Try parking the car about 10/15 feet from a wall or such, on level ground, in the dark. Note the position of the kick up line from the headlight beam (on dipped) that you haven't adjusted and turn the screw on the other headlight so that the kick up line is slightly to the left or right of that position, as appropriate.


----------



## Dynamo (Mar 13, 2010)

i just went to the dealer to have this sorted and they told me it would cost £75 plus vat

i can't believe this, can anyone help me here, there must be a cheaper way.


----------



## TT-driver (Sep 14, 2010)

Follow Brittan's advise plus

Park car close to the wall, make some markings on that wall of where the angle between light and dark is:
RHD (ignore the dots. Need them to make my point)

\_ ........\_

or LHD

_/........._/

then push back the car 10 meters and check if the situation moved to

_/.................._/

or

_/.._/

or
......._/.._/

The distance between them should remain the same (that's your left-right adjustment)

The angles should be lower. As you can see there will be a percentage stamped on or near the lamps as to how much the light should drop over a distance. Usually close to 1%. So pushing the car back 10 meters should then result in a 10cm lower angle spot. You should test this on a perfectly level floor. My shopping mall has an underground parking area that goes quiet around closing time. That's when I pop in to make these adjustments. Car's always passed the MOT without any issues, so apparently I'm doing the right thing


----------



## ScoobyTT (Aug 24, 2009)

Does that screw do anything with bi-xenons? I did it a number of turns when taking my lights out to change bulbs before I noticed the correct screw buried away behind it. Fortunately I noted how many turns I'd made so did the same backwards. They seem ok.


----------



## TT-driver (Sep 14, 2010)

ScoobyTT said:


> Does that screw do anything with bi-xenons?


No clue to be honest, but I'm sure Audi's manufacturing standards aren't so precise that no adjustment is required at all once the car is assembled. I suspect they set them to a default value and have the automatic height adjustment take care of the rest.
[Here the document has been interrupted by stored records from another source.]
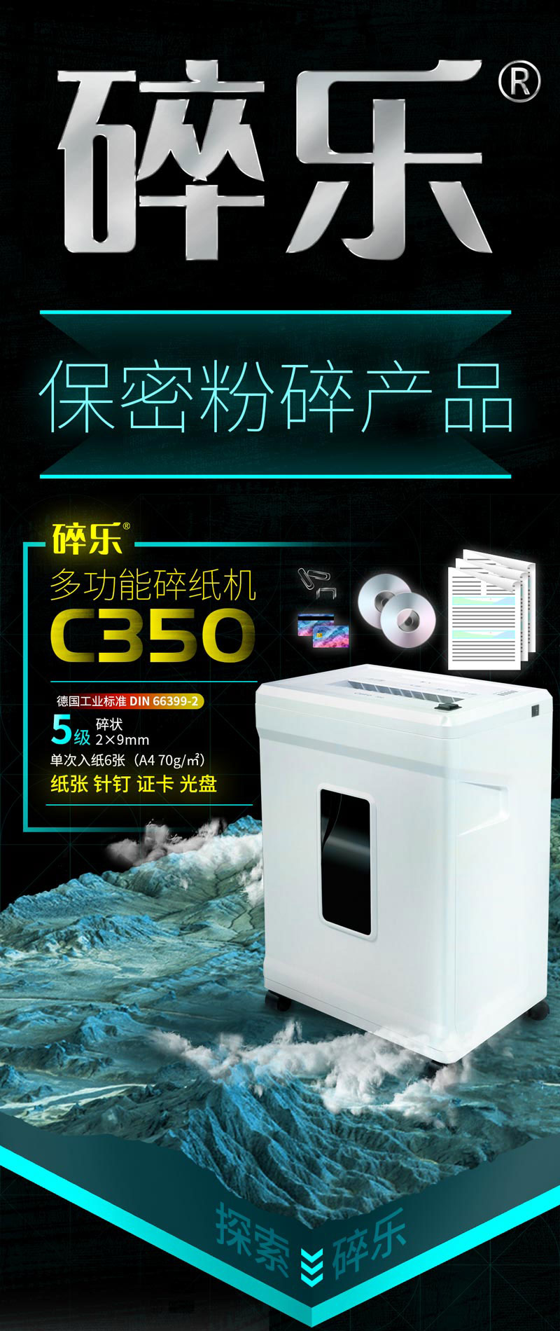 碎樂碎紙機(jī) C350 德國標(biāo)準(zhǔn)5級(jí)保密 小型辦公碎紙機(jī) 多功能碎紙機(jī) 單位:臺(tái)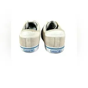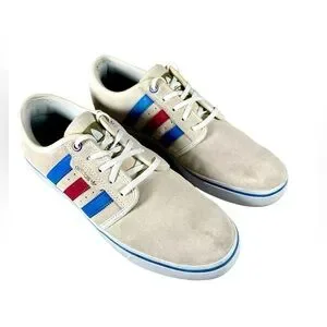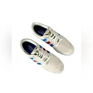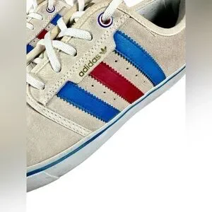 Cream sneakers with vibrant blue and red stripes. Classic Adidas style.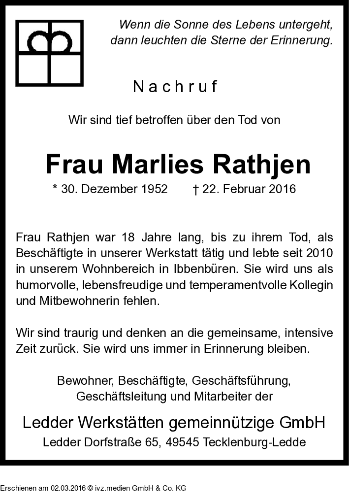 IVZ-Trauer | Marlies Rathjen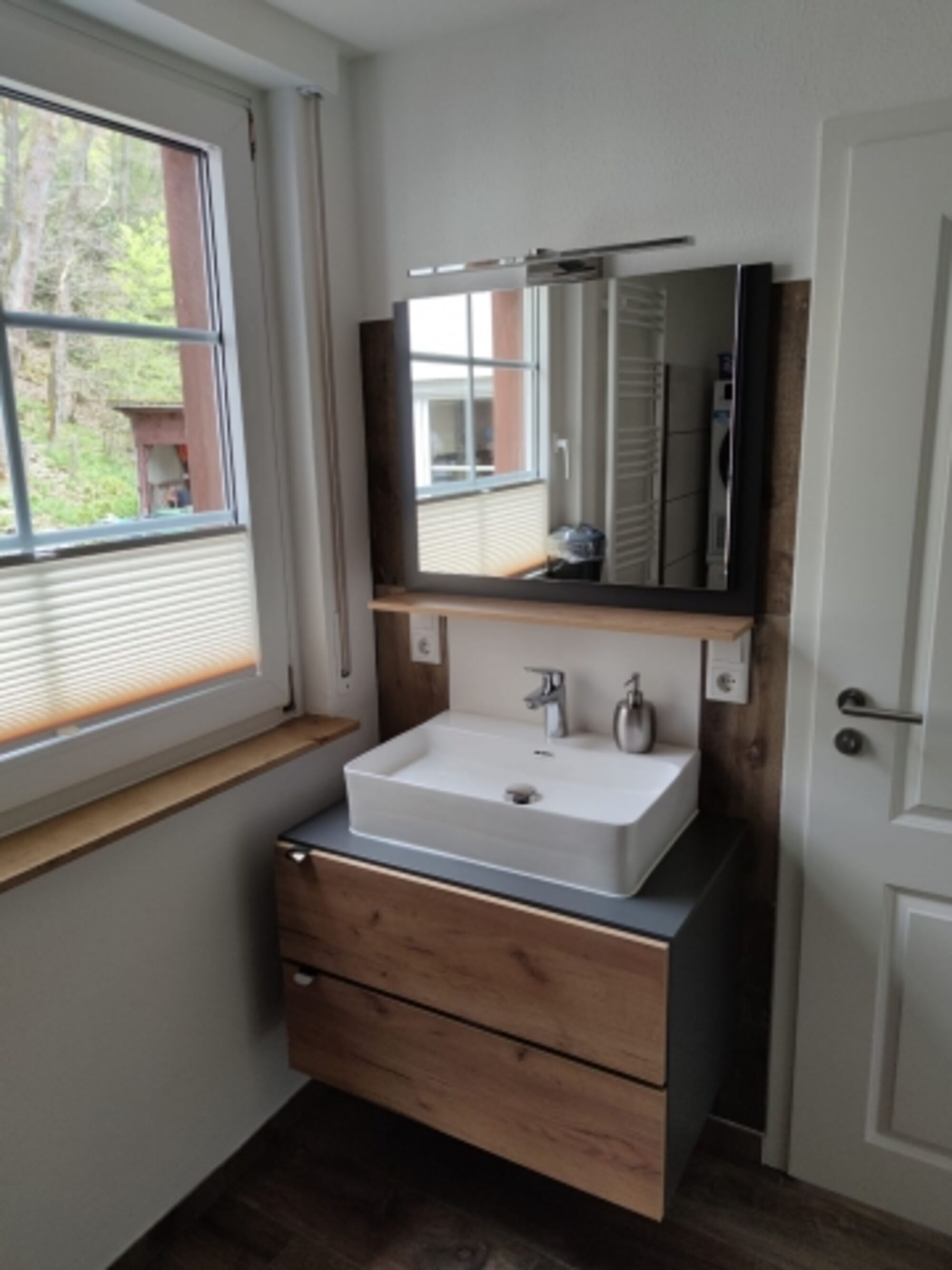 Waschbecken, Regendusche, Kosmetiktücher, Spiegel, Fenster im Bad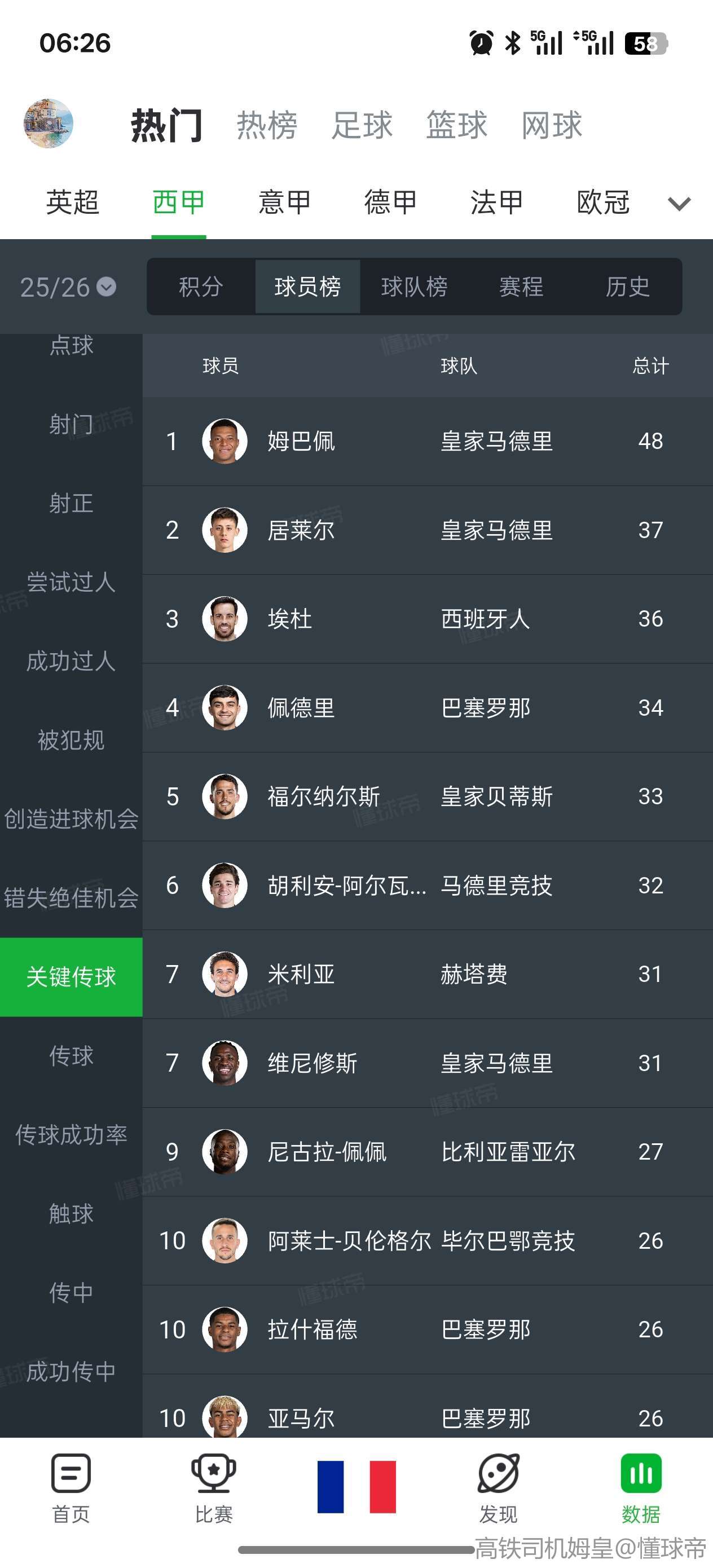 附2025赛季至今,欧冠和西甲传关键威胁球数据一览

Cross eyed or not must be adjustable too.


----------



## Dynamo (Mar 13, 2010)

ok this issue still hasn't been solved, i have tweaked the screw gradually over the last week and can't seem to get the original position so considering i onjly moved it one way i can't understand whats gone on.

second to this the other side doesn't look right now as the kick up goings miles up to the left.

i took a pic earlier in the car park, even in the light it looks all wrong


----------



## IC_HOTT (May 29, 2010)

dynamo you have pm


----------



## TT-driver (Sep 14, 2010)

Given the blue lines (chromatic abberation) I'm seeing on the left hand 'edge of the light' I'm thinking: wrong bulb (as in manufacturing tolerance) or wrong bulb placement.


----------



## Dynamo (Mar 13, 2010)

TT-driver said:


> Given the blue lines (chromatic abberation) I'm seeing on the left hand 'edge of the light' I'm thinking: wrong bulb (as in manufacturing tolerance) or wrong bulb placement.


Sounding technical now, the bulb is a Philips vision H7 so direct replacement.I might just take it out again to check fitment, although I seem to remember it only fit in one way.


----------



## TT-driver (Sep 14, 2010)

Philips hasn't got a bad reputation for manufacturing bulbs and yes bulbs only should fit one way. But from my experience it's very easy to put the bulb in every so slightly wrong. And given the size of the lamp construction versus the image projected, minute errors translate to substantial effects. Refitting just might help in this case. Good luck.


----------